The evaluation process is too slow!!!

DeNA / PyTorch_YOLOv3

Implementation of YOLOv3 in PyTorch

Other

436 stars 148 forks source link

The evaluation process is too slow!!! #56

Closed chengcchn closed 4 years ago

chengcchn commented 4 years ago

Thanks for sharing this repo! I tried to use this repo to train my dataset. When I solved the problems I met and started the training, I found the evaluation process is really slow. I set the eval_interval to be 20 for observing the evaluation, but it was just stuck in there. Looking forward to your reply, thanks!

chengcchn commented 4 years ago

@hirotomusiker

hirotomusiker commented 4 years ago

Hi thank you for using our repo. Yes evaluation usually takes time because the evaluator performs forward processes on ALL the validation images (e.g. 5k images for COCO). Please set eval_interval larger - more than 4000 for example. At iter=20 the model is not trained enough.

chengcchn commented 4 years ago

@hirotomusiker Thanks for your reply. But I am confused that the evaluation speed should have nothing to do with how well the model is trained. I have only made some modification aiming to support my dataset. Moreover, when I run the script "python train.py --cfg config/yolov3_custom_eval.cfg --eval_interval 1 --checkpoint checkpoints/snapshot20.ckpt", the evalution wasn't start.
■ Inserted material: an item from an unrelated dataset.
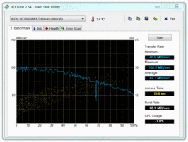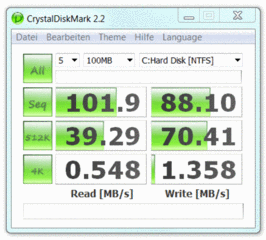 Die in unserem Testsample eingesetzte Scorpio Black WD5000BEKT Harddisk von Western Digital bietet eine Bruttospeicherkapazität von 500GB bei einer Umdrehungsgeschwindigkeit von 7200 Touren. Die HDTune bzw. CrystalDiscmark-Test beobachteten Werte liegen durchwegs im erwarteten Bereich und zeigen lechte Geschwindigkeitsvorteile im Vergleich zu üblichen 5400rpm-Modellen.

hirotomusiker commented 4 years ago

OK please see if evaluation is going on by inserting a print line in the inference loop: https://github.com/DeNA/PyTorch_YOLOv3/blob/master/utils/cocoapi_evaluator.py#L62-L91 By default no logs appear during evaluation.

chengcchn commented 4 years ago

Yes, I have tried this and the logs appear. I can see the "test1.", "test2." appear continuously, but the speed is slow.
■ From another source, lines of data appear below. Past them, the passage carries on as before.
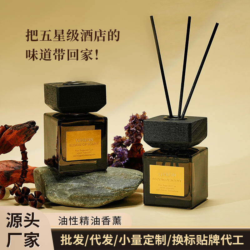 正方形のボトル無火アロマセラピー卸売寝室エッセンシャルオイルフレグランス装飾品ホーム籐アロマセラピーホテルの部屋消臭アロマセラピー
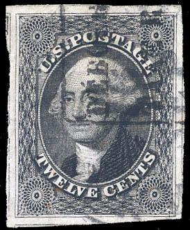 1851, 12¢ Washington, gray black (Scott 17), 4 large to huge margins including parts of the next stamp at left and sheet margin at right, town cancellation, Very Fine, with 2025 P.F. certificate graded VF 80. Scott $260. Estimate $180 - 240. Scott $260 Suggested Bid $180-240 (Image)
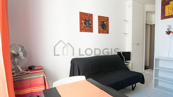 SoggiornoQuesto appartamento é composto di un magnifico salone con del parquet al suolo vista su strada. Questo salone calmo é ammobiliato e equipaggiato per rendere il tuo soggiorno piacevole : televisione, lenzuola, coperte, divano, tavola da pranzo, scrivania, scaffale, armadio, armadio, 2 sedia (e)1 divano letto.
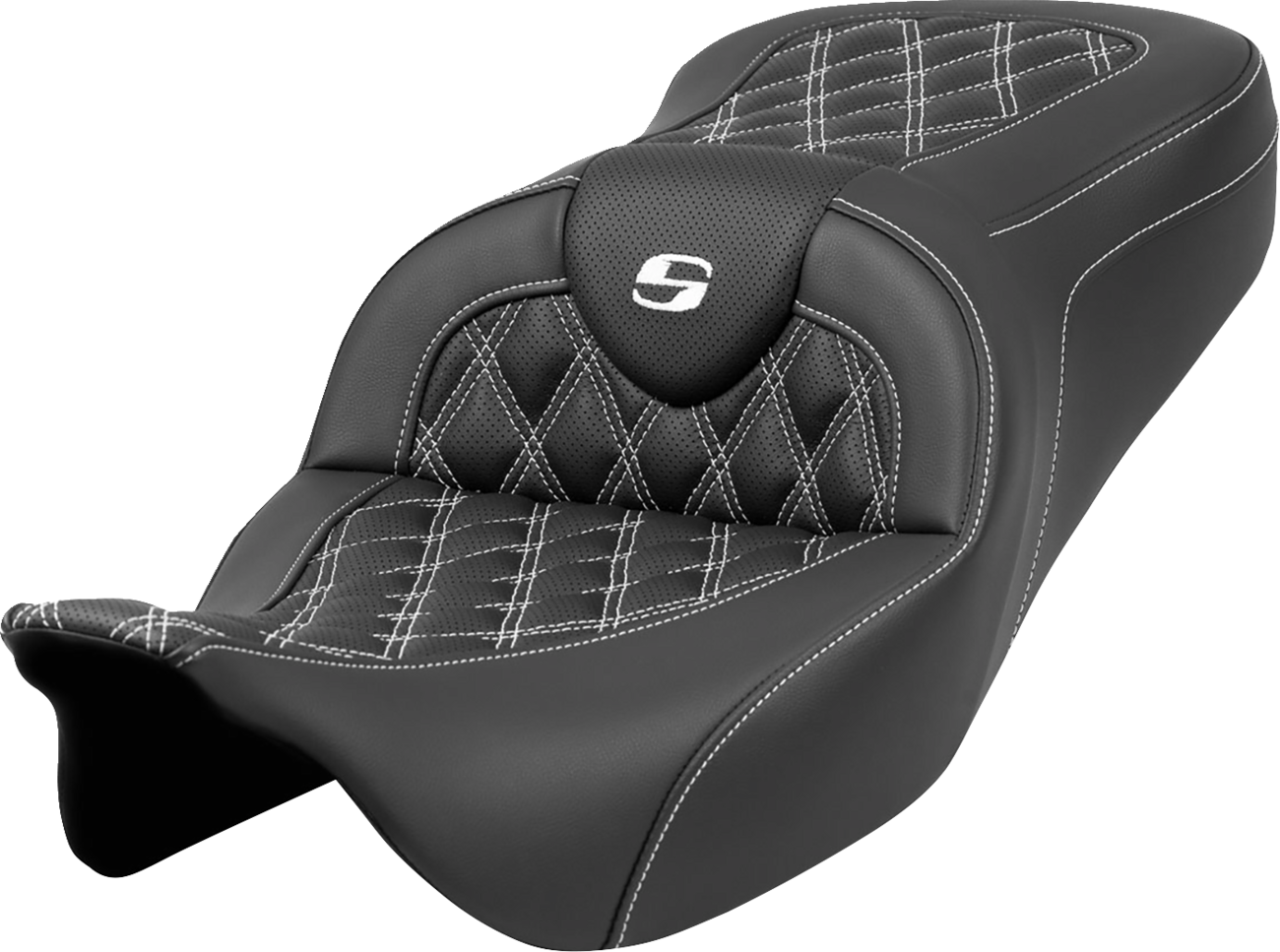 SADDLEMEN Roadsofa™ Seat – Lattice Stitch – White Stitch – without Backrest – FLH/FLT ’08-’23

hirotomusiker commented 4 years ago

In my environment it's about 10 images / sec for image size = 608. How about you?

chengcchn commented 4 years ago

My server has been shut down, I will do the experiment again in the next two days and let you know the result. Thanks a lot!

chengcchn commented 4 years ago

I do the experiment again. I have added "print(A)" in the line 91 in the file "cocoapi_evaluator.py ", and the output is as follow: It seens that the evaluation process is processing, but it's about 8 secs / image for image size =416. However, I also test the coco evaluation, and the speed is fast like 14 images / sec for image size = 608. So is it the evaluation speed relevant to how well the model is trained?

chengcchn commented 4 years ago

Hi, @hirotomusiker. I redo the experiment, strictly check the json dataset I converted. I found that if I used some scripts like "voc2coco.py" to generate the json dataset, an error would occured like issue46 and issue50. I wrote the script myself and this error disappeared. Finally, I did the evaluation after 3000 iters and the evaluation speed is normal! So the evaluation speed is relevant to how well the model is trained. Don't know why.

chengcchn commented 4 years ago

Thanks for your repo again!

hirotomusiker commented 4 years ago

Thank you for reporting. Now I understand the issue. At the beginning of training, the output is random. Noisy boxes are detected everywhere in the image. The postprocess tries to perform non-max suppression (NMS) on ALL the boxes. That's why evaluation takes time. So the only solution is not to evaluate the model at the early stage of training. Thank you!